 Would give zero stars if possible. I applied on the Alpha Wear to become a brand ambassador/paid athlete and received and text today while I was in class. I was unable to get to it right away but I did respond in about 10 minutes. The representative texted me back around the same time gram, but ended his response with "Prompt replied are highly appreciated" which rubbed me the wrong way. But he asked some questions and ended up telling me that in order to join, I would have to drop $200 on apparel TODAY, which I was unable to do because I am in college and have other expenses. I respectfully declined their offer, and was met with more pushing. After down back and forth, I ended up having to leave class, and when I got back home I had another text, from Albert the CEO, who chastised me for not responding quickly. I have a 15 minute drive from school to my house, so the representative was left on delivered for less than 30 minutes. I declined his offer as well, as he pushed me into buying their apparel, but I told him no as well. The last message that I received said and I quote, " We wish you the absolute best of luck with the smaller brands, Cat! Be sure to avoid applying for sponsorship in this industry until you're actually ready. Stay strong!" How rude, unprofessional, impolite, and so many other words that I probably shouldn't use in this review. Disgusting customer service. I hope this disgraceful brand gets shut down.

...

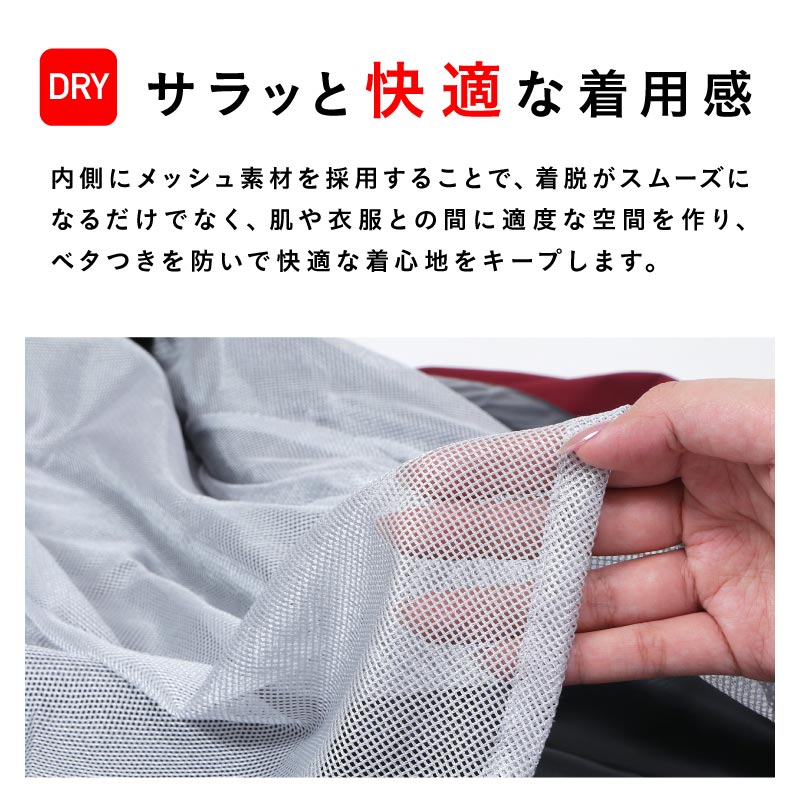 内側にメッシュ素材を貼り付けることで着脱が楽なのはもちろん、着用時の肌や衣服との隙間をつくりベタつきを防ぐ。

* * *

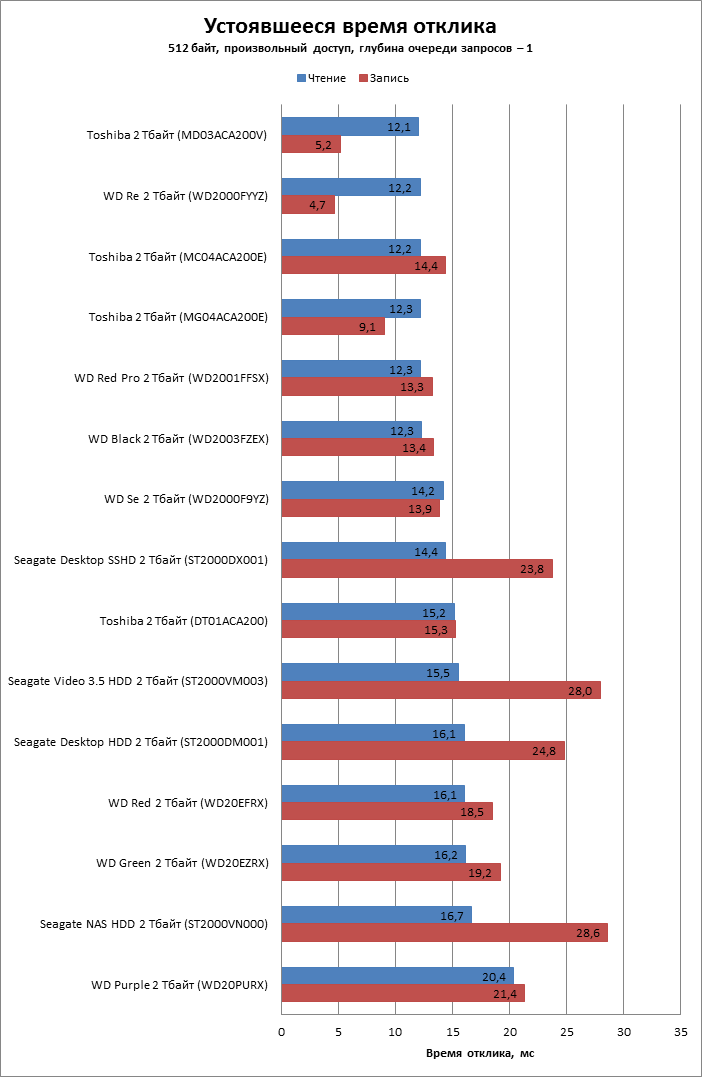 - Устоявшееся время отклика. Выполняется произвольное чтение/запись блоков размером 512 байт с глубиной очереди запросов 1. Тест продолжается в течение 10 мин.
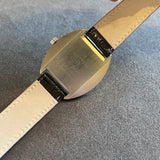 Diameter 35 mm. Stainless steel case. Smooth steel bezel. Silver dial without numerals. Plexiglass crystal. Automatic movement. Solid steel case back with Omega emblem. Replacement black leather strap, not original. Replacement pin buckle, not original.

▶ [Work request]:
From the records above, give again only the part that opens with the line containing "- Устоявшееся время" and closes with the line containing "Diameter 35 mm.". Keep both ends but drop the pictures.

▶ [Completed task]:
 - Устоявшееся время отклика. Выполняется произвольное чтение/запись блоков размером 512 байт с глубиной очереди запросов 1. Тест продолжается в течение 10 мин.
 Diameter 35 mm. Stainless steel case. Smooth steel bezel. Silver dial without numerals. Plexiglass crystal. Automatic movement. Solid steel case back with Omega emblem. Replacement black leather strap, not original. Replacement pin buckle, not original.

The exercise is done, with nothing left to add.